Delaware Law and Certain Charter and Bylaw Provisions
The provisions of Delaware law, as well as certain terms of our Charter and Bylaws, may have the effect of delaying, deferring or discouraging another person from acquiring control of us by means of a tender offer, a proxy contest or otherwise, or removing incumbent officers and directors. These provisions, some of which are summarized below, are expected to discourage certain types of coercive takeover practices and takeover bids that our board of directors may consider inadequate and to encourage any person seeking to acquire control of us to first negotiate with our board of directors.
Delaware Law. We are governed by the provisions of Section 203 of the DGCL. In general, Section 203 prohibits a public Delaware corporation from engaging in a “business combination” with an “interested stockholder” for a period of three years after the date such stockholder became an “interested stockholder.” A “business combination” includes mergers, asset sales or other transactions resulting in a financial benefit to the stockholder. An “interested stockholder” is a person who, together with affiliates and associates, owns, or within three years did, prior to the determination of interested stockholder status, own, 15% or more of the corporation’s outstanding voting stock.

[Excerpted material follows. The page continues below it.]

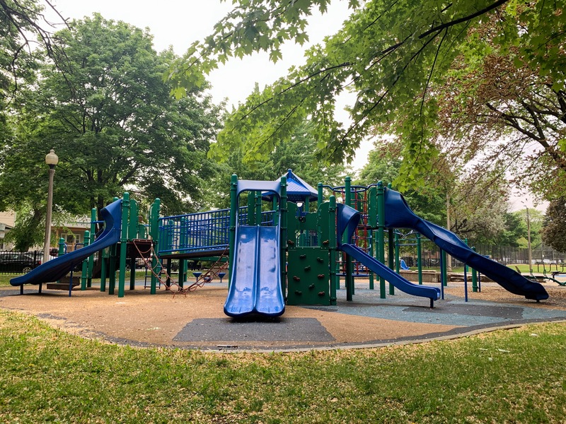 Algonquin Park - Playground ParkAlgonquin Park is a small neighborhood pocket park in the middle of a quiet street with a great playground. There are two play structures (one for younger kids and the other for older) that features the standard slides and climbing elements. There are a few standalone elements like a see-saw and 'things on a spring' as well as a set of swings near the back of the site. The play area is fully enclosed and the play surface is soft rubber. There are benches, a picnic table, and a drinking fountain in this bright and sunny park. In my mind, this is a perfect neighborhood playground; highly recommend.

Charter and Bylaw Provisions. Our Charter and Bylaws include a number of provisions that could deter hostile takeovers or delay or prevent changes in control of our management team, including the following:
Issuance of Undesignated Preferred Stock. Our board of directors will have the authority, without further action by our stockholders, to issue up to 5,000,000 shares of undesignated preferred stock with rights and preferences designated from time to time by our board of directors. Our board of directors may utilize such shares for a variety of corporate purposes. See the section entitled “Preferred Stock”.

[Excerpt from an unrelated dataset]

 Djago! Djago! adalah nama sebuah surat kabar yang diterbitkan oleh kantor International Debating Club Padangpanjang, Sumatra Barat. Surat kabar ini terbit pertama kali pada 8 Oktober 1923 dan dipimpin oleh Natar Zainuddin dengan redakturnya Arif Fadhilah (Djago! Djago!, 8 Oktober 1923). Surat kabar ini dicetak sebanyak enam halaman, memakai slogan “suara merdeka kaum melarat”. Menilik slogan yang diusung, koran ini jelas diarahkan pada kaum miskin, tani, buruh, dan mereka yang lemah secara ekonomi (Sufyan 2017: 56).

Classified Board. Our Charter and Bylaws provide that our board is classified into three classes of directors.
Stockholder Action; Special Meeting of Stockholders. Our Charter eliminates the right of stockholders to act by written consent. Our Charter further provides that special meetings of our stockholders may be called only by a majority of our board of directors.
Advance Notice Requirements for Stockholder Proposals and Director Nominations. Our Charter and Bylaws provide advance notice procedures for stockholders seeking to bring business before our annual meeting of stockholders, or to nominate candidates for election as directors at our annual meeting of stockholders.

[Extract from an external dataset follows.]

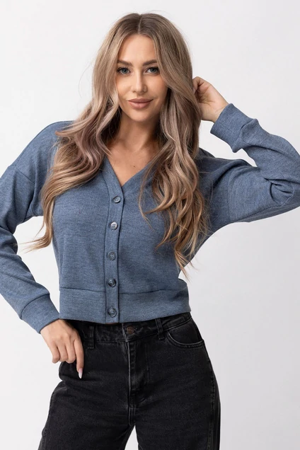 Кардиган прямого силуэта, с центральной застежкой на петли и пуговицы по планке, без воротника с V-образным вырезом горловины. Плечо спущенное. По низу кардигана отрезной пояс. Рукав втачной, длинный, с отрезной манжетой.

Amendment. Our Charter and Bylaws provide that the affirmative vote of the holders of at least 66 2/3% of our voting stock then outstanding is required to amend certain provisions.
Size of Board and Vacancies. Our Charter and Bylaws provide that the number of directors on our board of directors is fixed exclusively by our board of directors. Newly created directorships resulting from any increase in our authorized number of directors, and any vacancies resulting from death, resignation, retirement, disqualification, removal from office or other cause, will generally be filled by a majority of our board of directors then in office.
No Cumulative Voting. The DGCL provides that stockholders are denied the right to cumulate votes in the election of directors unless our Charter provides otherwise. Our Charter does not provide for cumulative voting.